But when Pope John Paul II learned of this young American Jewish conductor in Poland, the seeds of a plan were planted — a plan that would become a 17-year spiritual friendship and collaboration in the rapprochement of Catholics and Jews.

Levine tells of his experiences in his memoir, "The Pope's Maestro" (Jossey-Bass).

Levine spoke to ZENIT about his book, which he believes carries a lesson from the Polish Pontiff: That with 2,000 years of misunderstanding and "terrible difficulty" between Jews and Catholics, "if you put your mind to it you can begin the process of healing. It's not overnight. It doesn't happen overnight. But it can be done."

Part 2 of this interview, detailing the "miracle" John Paul II worked in Levine's mother-in-law, will be published Thursday.

ZENIT: Why did you write this book? As a personal friend of Pope John Paul II, you are undoubtedly the envy of millions of people, Catholics and non-Catholics alike. But the book is about more than your personal good fortune.

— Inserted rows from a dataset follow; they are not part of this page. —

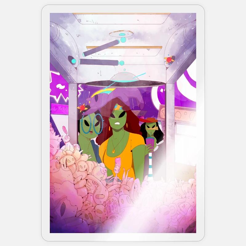 Claw Machine Vinyl Sticker, Cute Cosmic Plushie Vending Machine, UFO ...
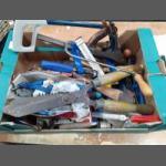 A box of assorted tools and household items to include an axe, a plane, shears, files, wire brushes and much else. A great rummage lot.
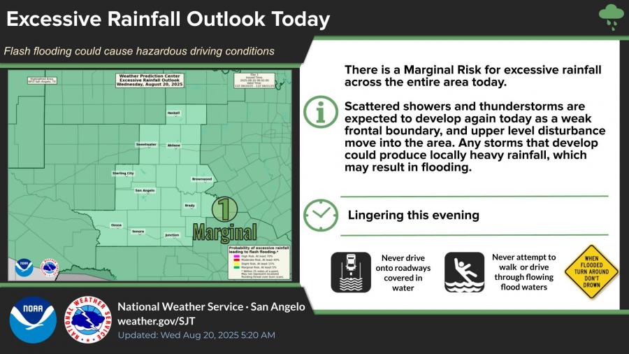 Forecasters released a marginal risk for excessive rainfall across the entire region Wednesday as a weak frontal boundary and upper-level disturbance move into West Central Texas. Any storms that develop could produce heavy downpours and gusty winds over 50 mph.
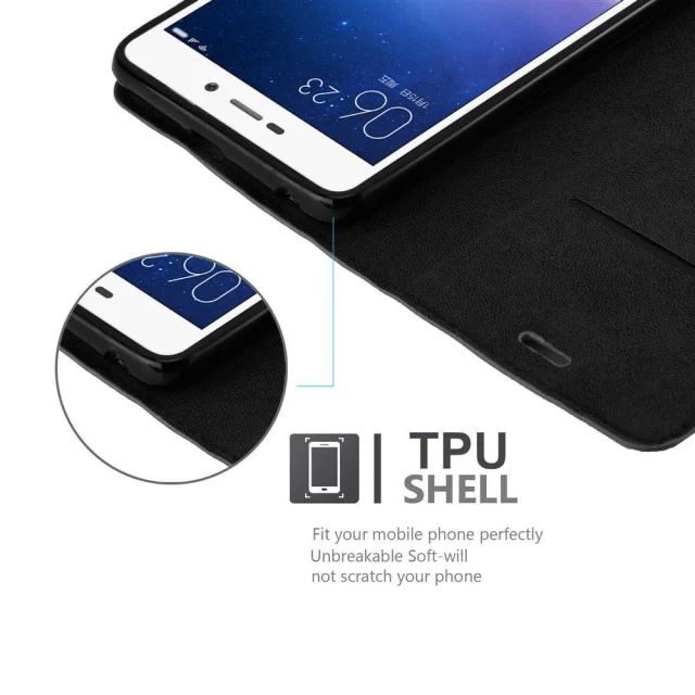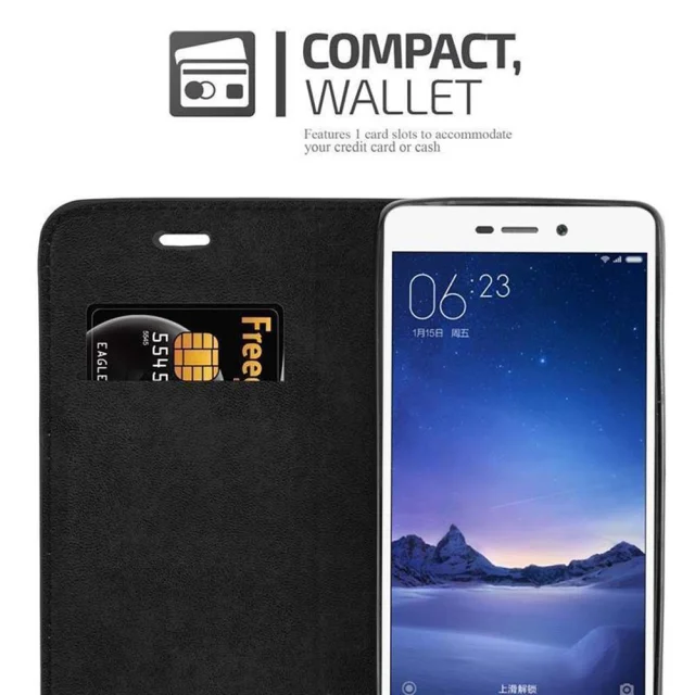 Cadorabo Ohišje, združljivo z Xiaomi RedMi 3S v nočna črna - Zaščitni ovitek z magnetnim zapiranjem, stoječo funkcijo in režo za kartice

Levine: Well I didn't think of myself and I don't think of myself as a personal friend. Cardinal Dziwisz described me in an interview as having had a deep spiritual friendship, and there was certainly an element of friendship that developed over the years, but the Pope had personal friends — even one very well-known Jewish friend in Jerzy Kluger, whom he had known from Wadowice — so I would never call myself a personal friend, though we had a deep artistic and spiritual, as Cardinal Dziwisz said, relationship. I felt that this was so generous and so remarkable, and so, as you say, unique, that I wanted to tell the story, and the Pope himself encouraged me to tell it, as did Cardinal Dziwisz.

The relationship developed so deeply over so many years — 17 years — and covered so much spiritual ground. I did the very first concert in 1988 and it was all Catholic music, music I had never performed in public before, in a very Catholic setting before an entirely Catholic audience, and that was a journey that I had to make as an artist. And then over the course of the next years, many years, I came, we came, to view music — and he very much, importantly — viewed music as a way to bridge the remarkable history, much of it pained, between Catholics and Jews.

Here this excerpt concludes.